(Extracted records)
*****

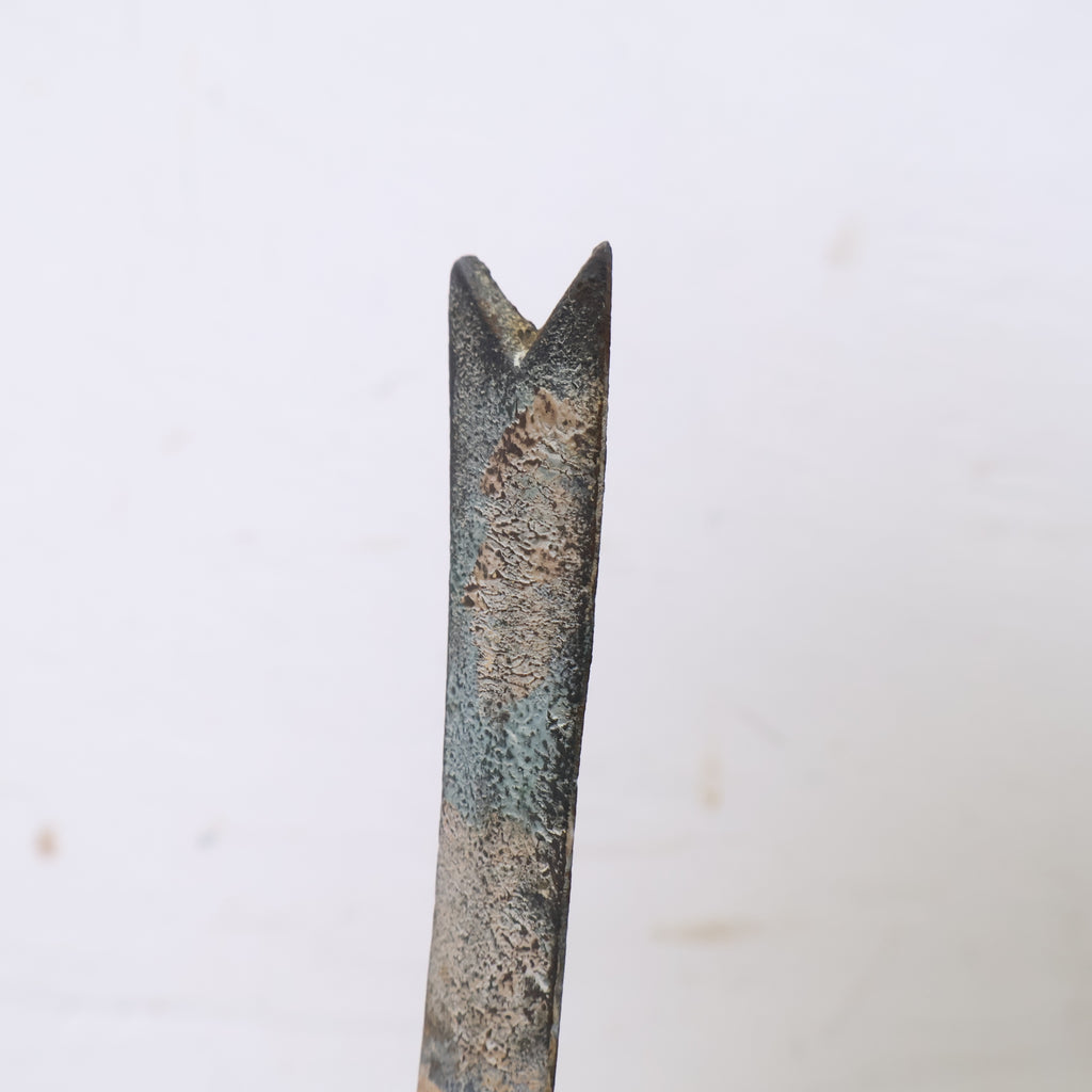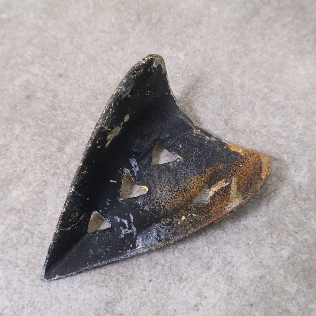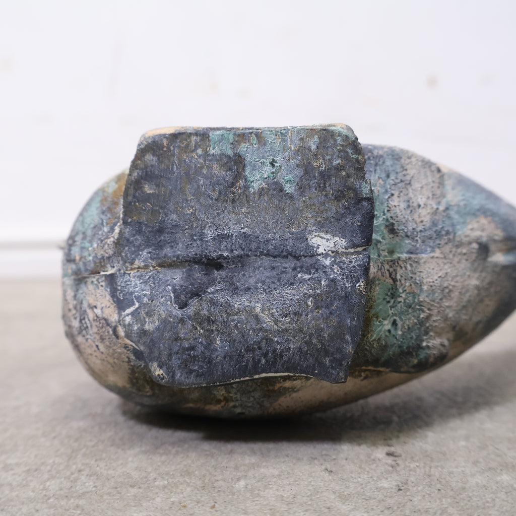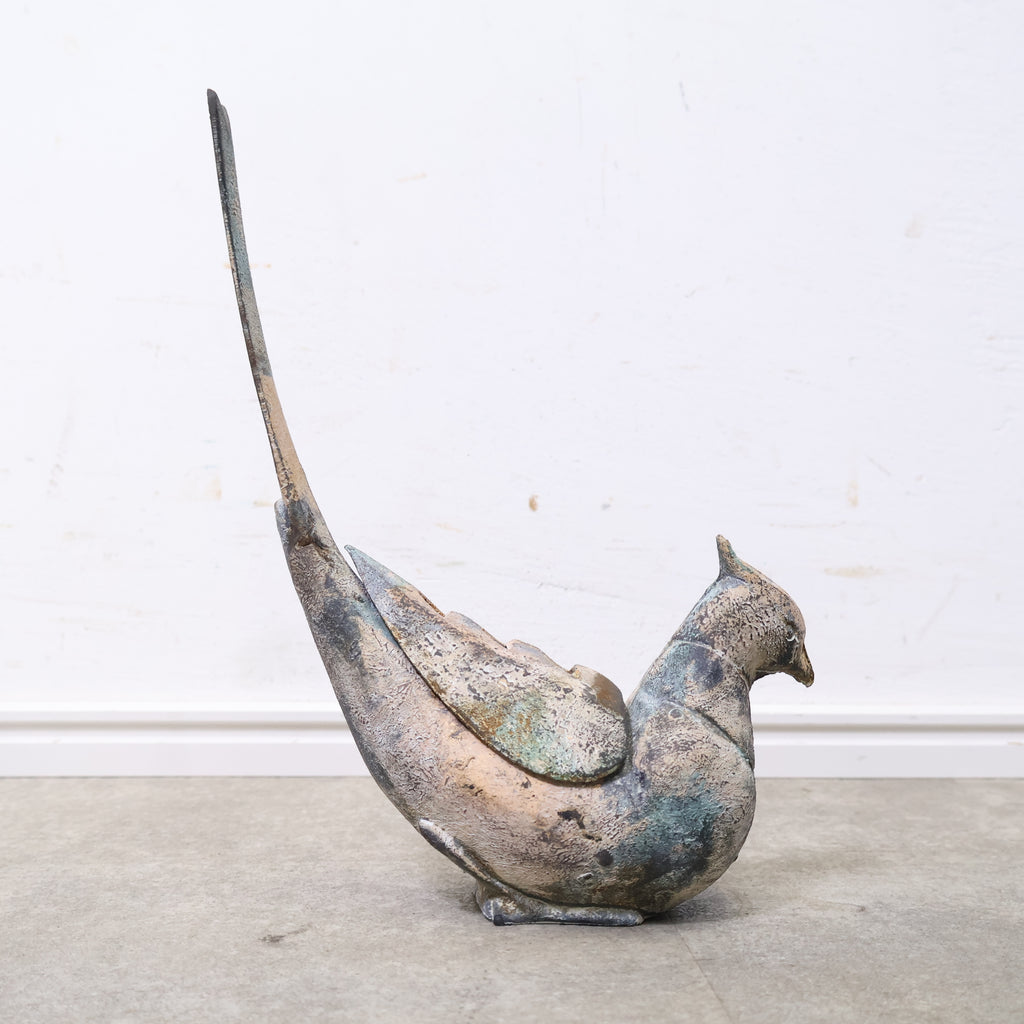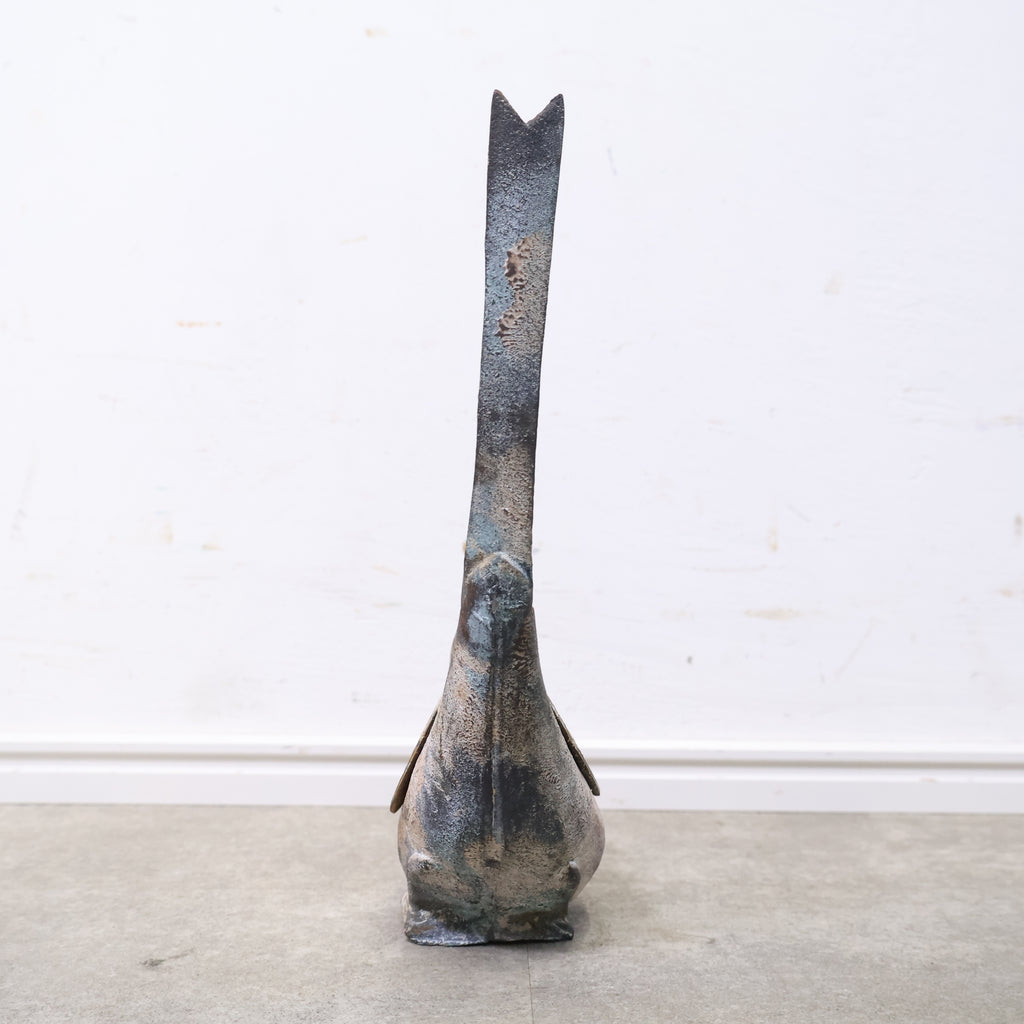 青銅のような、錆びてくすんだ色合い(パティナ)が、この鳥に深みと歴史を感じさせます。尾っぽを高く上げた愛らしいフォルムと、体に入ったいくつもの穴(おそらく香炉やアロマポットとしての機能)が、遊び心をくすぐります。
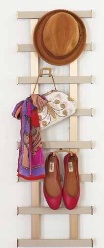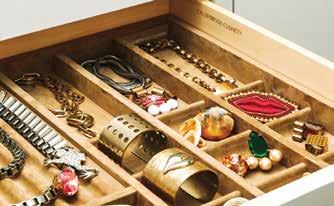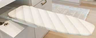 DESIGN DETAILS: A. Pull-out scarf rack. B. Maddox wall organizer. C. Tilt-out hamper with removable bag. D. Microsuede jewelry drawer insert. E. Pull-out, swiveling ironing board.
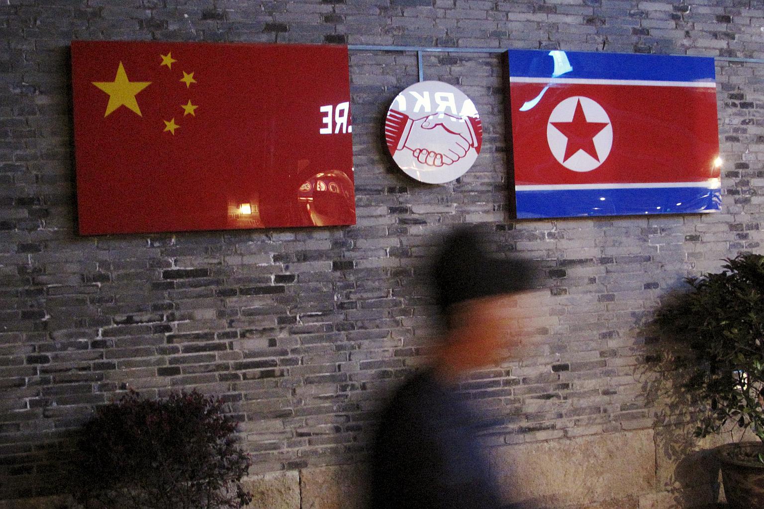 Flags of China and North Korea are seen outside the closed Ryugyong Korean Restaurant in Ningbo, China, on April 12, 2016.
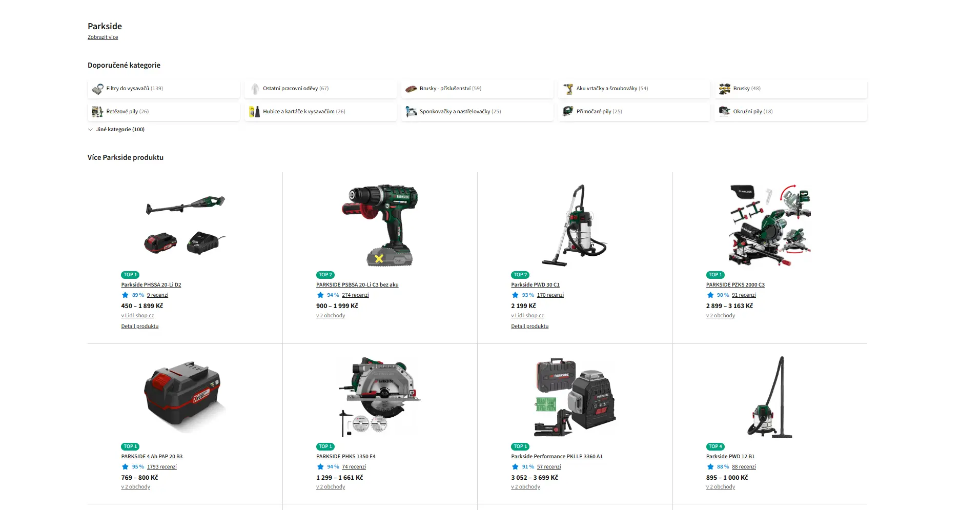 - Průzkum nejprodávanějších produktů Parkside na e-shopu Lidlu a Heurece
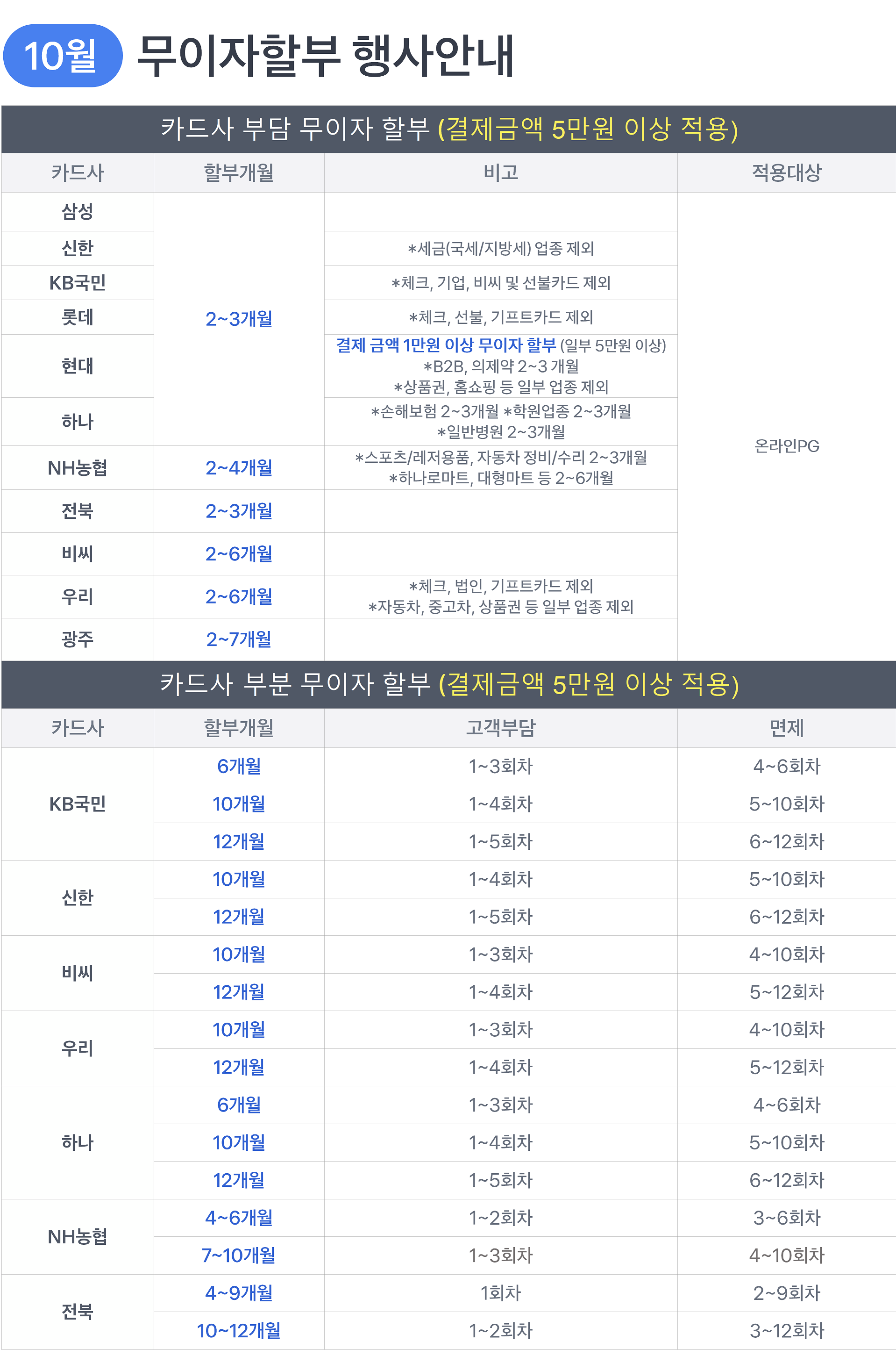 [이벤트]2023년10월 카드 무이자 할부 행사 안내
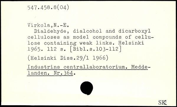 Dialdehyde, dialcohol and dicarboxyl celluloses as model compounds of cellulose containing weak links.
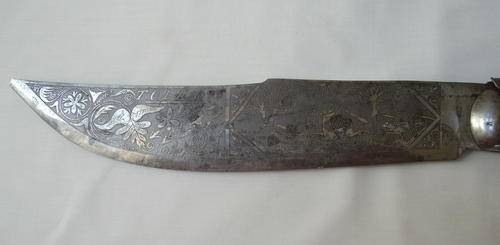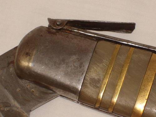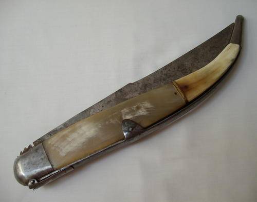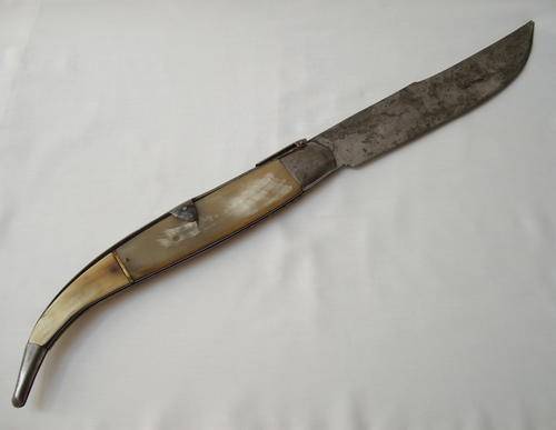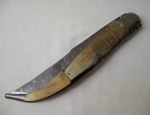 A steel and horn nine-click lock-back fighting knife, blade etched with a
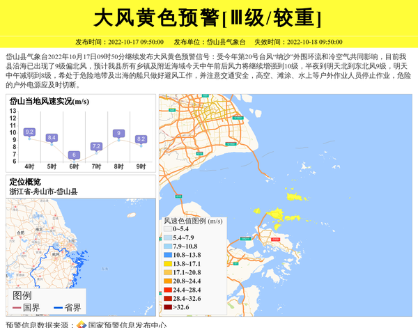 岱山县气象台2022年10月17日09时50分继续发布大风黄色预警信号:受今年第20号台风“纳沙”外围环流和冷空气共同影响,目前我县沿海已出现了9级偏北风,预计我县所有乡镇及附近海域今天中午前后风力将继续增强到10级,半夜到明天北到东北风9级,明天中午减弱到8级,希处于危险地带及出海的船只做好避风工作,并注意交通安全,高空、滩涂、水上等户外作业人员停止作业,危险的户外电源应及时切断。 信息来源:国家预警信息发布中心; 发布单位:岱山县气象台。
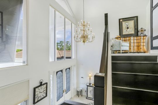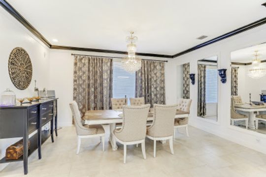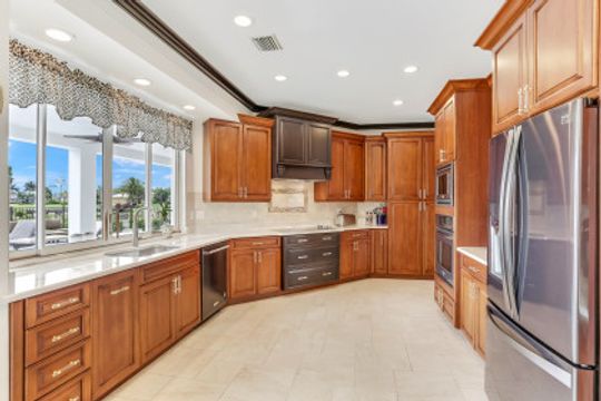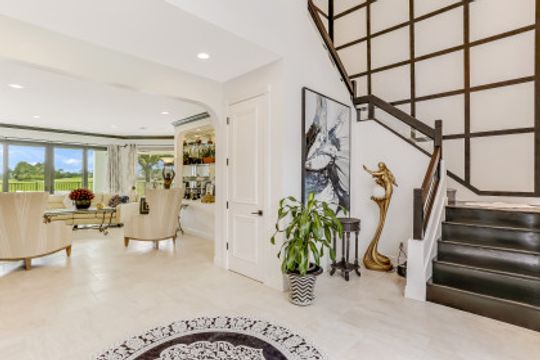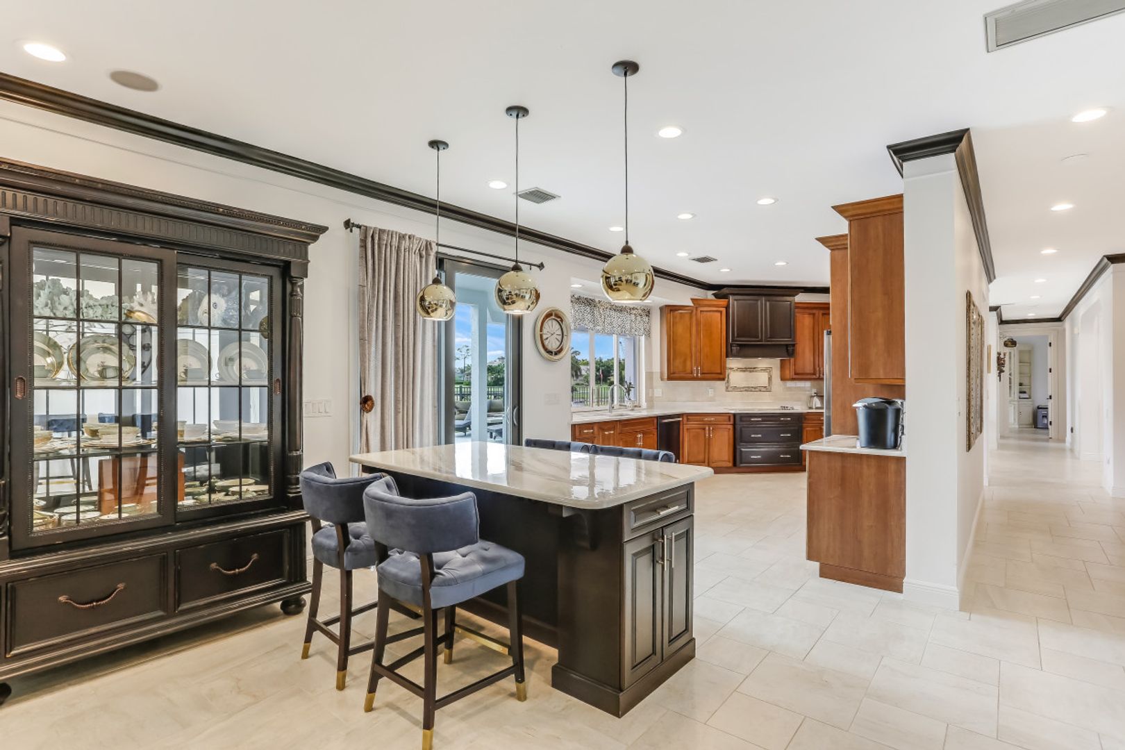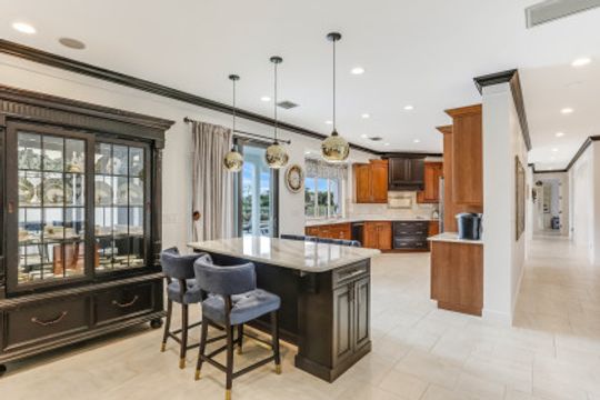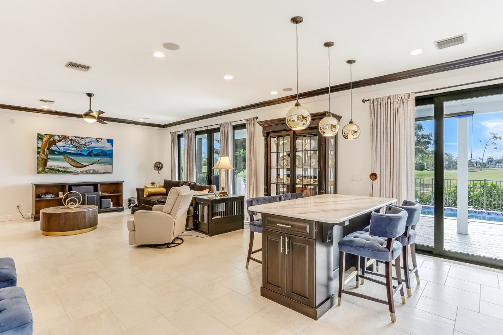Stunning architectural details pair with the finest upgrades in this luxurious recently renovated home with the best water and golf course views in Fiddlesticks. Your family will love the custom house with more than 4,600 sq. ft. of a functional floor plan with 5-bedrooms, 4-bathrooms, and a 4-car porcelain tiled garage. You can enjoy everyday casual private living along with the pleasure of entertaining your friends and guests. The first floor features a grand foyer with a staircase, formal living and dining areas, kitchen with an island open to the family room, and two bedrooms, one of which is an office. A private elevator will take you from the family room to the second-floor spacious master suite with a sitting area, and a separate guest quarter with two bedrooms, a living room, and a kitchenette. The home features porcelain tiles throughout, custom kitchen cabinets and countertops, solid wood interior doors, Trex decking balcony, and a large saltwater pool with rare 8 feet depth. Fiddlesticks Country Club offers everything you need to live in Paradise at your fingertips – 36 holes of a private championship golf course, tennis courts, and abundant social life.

*****

### Work instructions
Could you output the lines above exactly, with no pictures included?

### Answer to the exercise
 青銅のような、錆びてくすんだ色合い(パティナ)が、この鳥に深みと歴史を感じさせます。尾っぽを高く上げた愛らしいフォルムと、体に入ったいくつもの穴(おそらく香炉やアロマポットとしての機能)が、遊び心をくすぐります。
 DESIGN DETAILS: A. Pull-out scarf rack. B. Maddox wall organizer. C. Tilt-out hamper with removable bag. D. Microsuede jewelry drawer insert. E. Pull-out, swiveling ironing board.
 Flags of China and North Korea are seen outside the closed Ryugyong Korean Restaurant in Ningbo, China, on April 12, 2016.
 - Průzkum nejprodávanějších produktů Parkside na e-shopu Lidlu a Heurece
 [이벤트]2023년10월 카드 무이자 할부 행사 안내
 Dialdehyde, dialcohol and dicarboxyl celluloses as model compounds of cellulose containing weak links.
 A steel and horn nine-click lock-back fighting knife, blade etched with a
 岱山县气象台2022年10月17日09时50分继续发布大风黄色预警信号:受今年第20号台风“纳沙”外围环流和冷空气共同影响,目前我县沿海已出现了9级偏北风,预计我县所有乡镇及附近海域今天中午前后风力将继续增强到10级,半夜到明天北到东北风9级,明天中午减弱到8级,希处于危险地带及出海的船只做好避风工作,并注意交通安全,高空、滩涂、水上等户外作业人员停止作业,危险的户外电源应及时切断。 信息来源:国家预警信息发布中心; 发布单位:岱山县气象台。
Stunning architectural details pair with the finest upgrades in this luxurious recently renovated home with the best water and golf course views in Fiddlesticks. Your family will love the custom house with more than 4,600 sq. ft. of a functional floor plan with 5-bedrooms, 4-bathrooms, and a 4-car porcelain tiled garage. You can enjoy everyday casual private living along with the pleasure of entertaining your friends and guests. The first floor features a grand foyer with a staircase, formal living and dining areas, kitchen with an island open to the family room, and two bedrooms, one of which is an office. A private elevator will take you from the family room to the second-floor spacious master suite with a sitting area, and a separate guest quarter with two bedrooms, a living room, and a kitchenette. The home features porcelain tiles throughout, custom kitchen cabinets and countertops, solid wood interior doors, Trex decking balcony, and a large saltwater pool with rare 8 feet depth. Fiddlesticks Country Club offers everything you need to live in Paradise at your fingertips – 36 holes of a private championship golf course, tennis courts, and abundant social life.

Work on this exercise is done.